Na segunda-feira passada, o ministro Fernando Pimentel (Desenvolvimento) e o
assessor especial da presidente para assuntos internacionais, Marco Aurélio
Garcia, viajaram a Caracas para conversar com autoridades venezuelanas sobre os
atrasos, segundo apurou a Folha.
Oficialmente, a missão brasileira teve como objetivo reforçar a disposição
brasileira de ajudar o parceiro comercial a superar sua crise de abastecimento,
mas os pagamentos atrasados foram um dos temas principais.
Nesta semana, a Venezuela informou que terá de importar 400 mil toneladas de
alimentos de países latino-americanos em novembro e dezembro, sendo que 80 mil
toneladas de carne e grãos virão do Brasil.
O calote temporário está sendo provocado principalmente pela crise econômica
na Venezuela, que faz o governo local exercer forte controle sobre a saída de
dólares, o que tem atrasado o pagamento de suas importações.
O total dos pagamentos em atraso não é revelado, mas o montante em jogo é
significativo: o Brasil exportou para a Venezuela US$ 3,1 bilhões até setembro.
Segundo um empresário ouvido reservadamente, o maior problema está na
exportação de alimentos, setor que recebeu estímulo do governo brasileiro para
aumentar as vendas à Venezuela diante do quadro de escassez.
A Folha apurou que os atrasos no pagamento de exportações de carnes
bovinas e de frango estão na casa de quatro meses. Até setembro, as vendas
destes produtos à Venezuela somaram US$ 737 milhões. A BR Foods e a JBS são
algumas das empresas que exportam para lá.
Há um histórico de atrasos. Eles, entretanto, nunca foram tão grandes. O
problema começou com o setor de construção pesada.
Neste ano, representantes das empreiteiras reclamaram às autoridades
venezuelanas e os pagamentos, que estavam suspensos, foram parcialmente
retomados.
A Odebrecht, que possui obras importantes no país, como as do metrô de
Caracas, já enfrentou problemas no passado recente.

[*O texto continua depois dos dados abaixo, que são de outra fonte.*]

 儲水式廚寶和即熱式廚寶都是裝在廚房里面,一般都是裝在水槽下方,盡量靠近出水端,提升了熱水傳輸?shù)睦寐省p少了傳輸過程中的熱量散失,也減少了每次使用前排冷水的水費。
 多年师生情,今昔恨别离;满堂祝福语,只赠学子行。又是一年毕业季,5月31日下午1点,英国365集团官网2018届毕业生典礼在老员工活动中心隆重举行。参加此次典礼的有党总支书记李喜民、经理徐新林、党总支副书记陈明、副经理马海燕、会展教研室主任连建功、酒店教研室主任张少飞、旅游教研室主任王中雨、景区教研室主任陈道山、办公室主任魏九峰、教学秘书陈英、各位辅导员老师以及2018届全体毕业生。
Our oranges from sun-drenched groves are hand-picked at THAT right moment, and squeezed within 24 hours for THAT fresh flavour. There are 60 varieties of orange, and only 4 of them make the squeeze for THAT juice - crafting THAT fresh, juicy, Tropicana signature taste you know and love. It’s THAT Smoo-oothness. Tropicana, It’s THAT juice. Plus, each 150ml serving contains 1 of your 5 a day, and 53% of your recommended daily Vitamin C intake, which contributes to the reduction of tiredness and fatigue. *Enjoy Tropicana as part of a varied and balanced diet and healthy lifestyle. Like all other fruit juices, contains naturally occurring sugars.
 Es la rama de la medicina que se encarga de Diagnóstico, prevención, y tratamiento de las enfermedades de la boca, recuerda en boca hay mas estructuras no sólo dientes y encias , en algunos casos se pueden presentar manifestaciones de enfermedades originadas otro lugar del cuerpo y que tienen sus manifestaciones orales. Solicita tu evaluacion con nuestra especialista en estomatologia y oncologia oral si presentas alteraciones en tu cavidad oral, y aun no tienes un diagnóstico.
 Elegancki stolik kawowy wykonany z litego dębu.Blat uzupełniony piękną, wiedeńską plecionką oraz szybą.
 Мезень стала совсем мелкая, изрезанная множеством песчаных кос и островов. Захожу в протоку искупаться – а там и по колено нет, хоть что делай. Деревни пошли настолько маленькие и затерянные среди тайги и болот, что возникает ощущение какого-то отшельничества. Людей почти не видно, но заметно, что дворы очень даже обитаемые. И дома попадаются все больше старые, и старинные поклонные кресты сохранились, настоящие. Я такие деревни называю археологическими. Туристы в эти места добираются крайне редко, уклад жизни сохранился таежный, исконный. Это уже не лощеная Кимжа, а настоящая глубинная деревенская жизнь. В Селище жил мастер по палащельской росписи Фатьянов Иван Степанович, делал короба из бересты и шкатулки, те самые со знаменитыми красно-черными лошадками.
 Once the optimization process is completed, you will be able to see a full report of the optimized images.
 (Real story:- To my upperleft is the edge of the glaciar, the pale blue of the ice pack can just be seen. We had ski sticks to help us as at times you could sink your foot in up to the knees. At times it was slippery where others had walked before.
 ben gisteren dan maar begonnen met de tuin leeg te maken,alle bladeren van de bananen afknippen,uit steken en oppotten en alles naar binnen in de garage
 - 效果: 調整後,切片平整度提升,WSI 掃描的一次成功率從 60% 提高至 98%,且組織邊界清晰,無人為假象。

A relação Brasil/Venezuela ganhou impulso no governo de Luiz Inácio Lula da
Silva e seguiu no mesmo ritmo no de Dilma Rousseff, estimulando parcerias e
defendendo politicamente a administração de Hugo Chávez (1954-2013) e de seu
sucessor Nicolás Maduro.
Parcerias que nem sempre foram bem-sucedidas, como a refinaria Abreu e Lima,
em Pernambuco. O negócio era para ser uma sociedade entre a Petrobras e a
venezuelana PDVSA, que até hoje não colocou dinheiro no projeto.
VIÉS
Casos como esse levaram críticos da oposição a apontar o viés ideológico do
favorecimento à Venezuela. Lula e Chávez foram expoentes da guinada à esquerda
na América Latina nos anos 2000.
A Venezuela inclusive foi integrada ao Mercosul justamente quando o país que
se opunha à sua entrada, o Paraguai, estava suspenso do bloco aduaneiro.
Em 2012, as exportações brasileiras para a Venezuela foram de US$ 5 bilhões.
Este ano, apesar das vendas totais à Venezuela terem caído 17%, os cinco
principais produtos exportados pelo Brasil cresceram quase 30%.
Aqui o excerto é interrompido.